BF: Yes. I was just writing about what was happening in front of me, my son’s adoption, my father-in-law’s death, my husband’s absence. There was an immediate and constant drama or tension in my life that I was trying to capture. In both cases, the sense of solitude and sensitivity are there because, when I write, I want to be as quiet and alert as I can be, so I can hear the poem. That’s where the work comes from. Now, I’m writing new poems, some of which have little to do, or anything to do explicitly, with my personal life. Yet what I’m describing or witnessing is still my perspective—they’re still coming from that same place—that stillness, so I think they often still convey that sense of solitude and sensitivity.
RN: You’re one of the editors of Mentor and Muse: Essays from Poets to Poets, which I personally found very accessible and inspiring for writers, whether they are poets are not. In addition to that book, craft-focused or not, what should poets be reading?
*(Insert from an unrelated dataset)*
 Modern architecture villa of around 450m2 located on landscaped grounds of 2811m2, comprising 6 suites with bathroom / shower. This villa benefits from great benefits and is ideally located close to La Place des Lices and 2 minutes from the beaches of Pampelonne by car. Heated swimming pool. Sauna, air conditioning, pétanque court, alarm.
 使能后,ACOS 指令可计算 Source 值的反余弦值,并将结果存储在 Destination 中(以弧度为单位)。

BF: I think they should read what excites them, and I think they should read what frustrates them and confuses them, and I think they should read what doesn’t sound like them, and what sounds like them. I want to read poetry that is very different from my own because it challenges me to think beyond my own aesthetics or themes. Often, I turn to poetry that’s very different from my own when the skills or techniques I’m most comfortable with aren’t enough for me to write the poem that I’m trying to write. Someone once told me to think of poetic devices and modes as keys on a piano. If you rely on only a few keys, you’ll have a very limited repertoire.
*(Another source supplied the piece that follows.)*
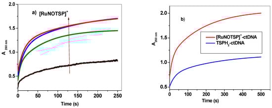 (a) Absorption intensity of the formation of ctDNA–[RuNOTSP]+ complex as a function of time after mixing of ctDNA with a different concentrations of [RuNOTSP]+; (b) absorption intensity of the formation of ctDNA–TSPH2 and ctDNA–[RuNOTSP]+ complexes as a function of time after mixing for long time.

RN: And what about how should poets be reading? Is there a how?
BF: What I do in my workshops is I often have—we read a poem out loud—and I just want students to be sensitive to the way they are responding. Be open and alert to the way they are responding physically, emotionally, to the experience of the poem. I think that’s the most important thing. Intuitively they can often grasp the poem and they grasp what might be working or what might not be working. And they just sense that this is not quite right, or I’m drawn in right here, but I feel pushed out over here. So I guess I want them to do that. I ask them to do that with poems that we read together and if they’re confused and frustrated, ask themselves, why? Why is something challenging? In the end, when composing their own new work, I want students to look to themselves, to trust their judgment, and I’ve found that this is an effective way to help develop that confidence and to help them start thinking about what they want to say and how they want to say it.
RN: You mentioned out loud. Is reading a poem out loud an important “how” for a poet?
BF: Absolutely! It’s necessary. Sometimes I just read my students’ poems back to them, and have them read them to me, and have somebody else read them. But also it’s when the poem comes alive for me. I love reading on the page too, because you can see more clearly how it comes together, how it’s working. But the music of the poem is as important as any other element, if not more important.
RN: As you know, I saw you read at a PEN USA event just last night. You are an excellent reader of your work, but not all poets are. Any tips for the reluctant reader?
BF: When I read now, I try to embody the speaker of the poem. I just want to—I don’t want to pretend like I am that person, I want to be that person. And I want to speak as though I am speaking these words for the first time and speaking them to someone in particular.
RN: At that same event, you made it a point to read some of your newest poems. But days old new, I think you said. I believe the idea of always reading something new was advice you once got. Can you talk more about that?
BF: It was Paul Guest who said it. I was reading from my first book a lot. I was reading the same poems over and over again, and so when he said that he tries to read something new every time, I thought, yeah, I should do that. It’s very good advice because it creates a little bit of fear—there’s immediacy, there’s a freshness there. The risk and the fear you feel about reading the new, the vulnerability comes into the voice, doesn’t it? And that’s what it is that I’m trying to get at—the vulnerability. I mean not every poet is aiming for that and that’s fine. I guess that’s what I’m aiming for.